An integration platform is a piece of computing software that brings together otherwise disconnected services and applications. Most commonly used in business environments, an integration platform connects the business on a software level, creating an integrated enterprise system. The goal is to bring together all of the different software areas, ensuring that data remains consistent from one area of the business to the next. Additionally, an integration platform should ease data mining procedures and enforce a strict level of security across the entire network.
Lacking a working integration platform is a classic case of the right hand not knowing what the left is doing. Unless all systems in the business are brought together under the same umbrella, data inconsistencies can easily appear across the network. For example, if the billing and accounting departments are not connected through an integration platform, employees must enter data into the system twice: once during billing and once into the accounting programs.
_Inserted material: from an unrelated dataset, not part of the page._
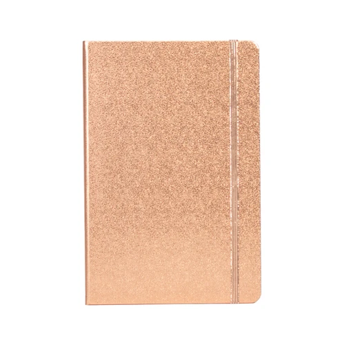 Cuaderno tamaño A5, con cubierta de cartón piedra forrada en PU color cobre de 1.5mm de espesor, interior 80 hojas amarillas lineadas de 80 gsm. Incluye banda elástica y huincha separador de hojas al tono. Presentación individual en bolsa de polipropileno translúcido.
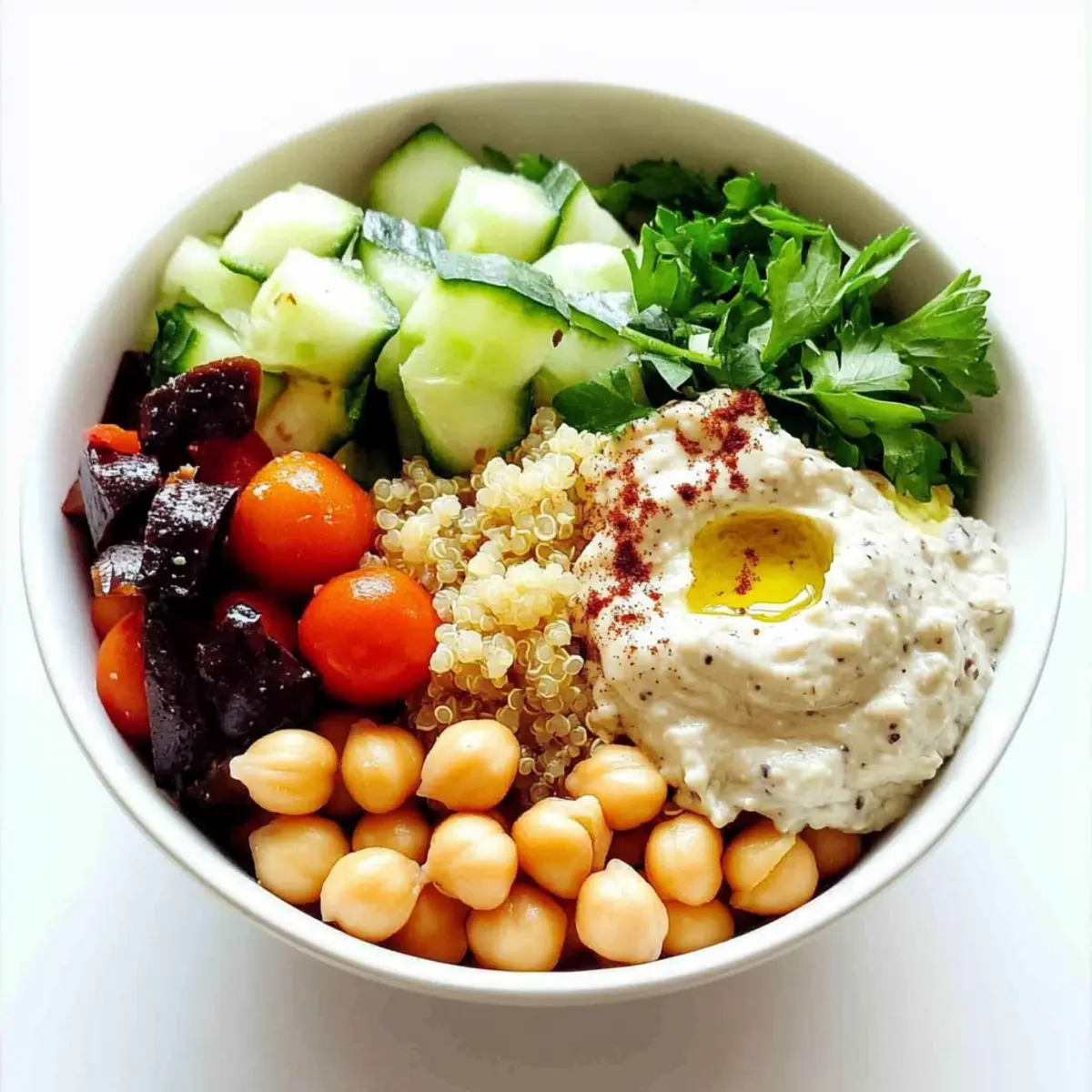 Yes! While it’s not ideal to freeze the entire bowl, you can definitely freeze the hummus and cooked quinoa. Place them in airtight containers or freezer bags for up to 3 months. When you’re ready to use them, simply thaw them in the fridge overnight, then give them a gentle stir before incorporating them into your salad!

This increases the risk of error, as two separate employees can easily make incorrect entries into the system. Furthermore, unless someone is actively monitoring and comparing both systems against one another, these errors can easily go unnoticed for long periods of time.
With an integration platform connecting the different subsystems of the business, much of the possibility for error is removed, as all of the information in the business will be contained in one central location. Now, making two separate entries is no longer necessary; as soon as the information is entered into the computer it exists in both the billing and accounting departments. If a mistake is made during the entry, there are now two different sets of individuals that can detect and correct the error, as both departments will be looking at the same incorrect piece of information. This allows them a better chance of finding the error and fixing it before it becomes a potentially serious problem.
Integration platforms also enforce consistency in security and data mining. Since everything is uniform across the network, employees will have one fixed security clearance level, avoiding problems where an employee might be able to log in to two different systems at once. Data mining--the process of analyzing data to find trends--is also made easier because all of the data for the business is connected together in one central location, making it far easier to pull up any needed files.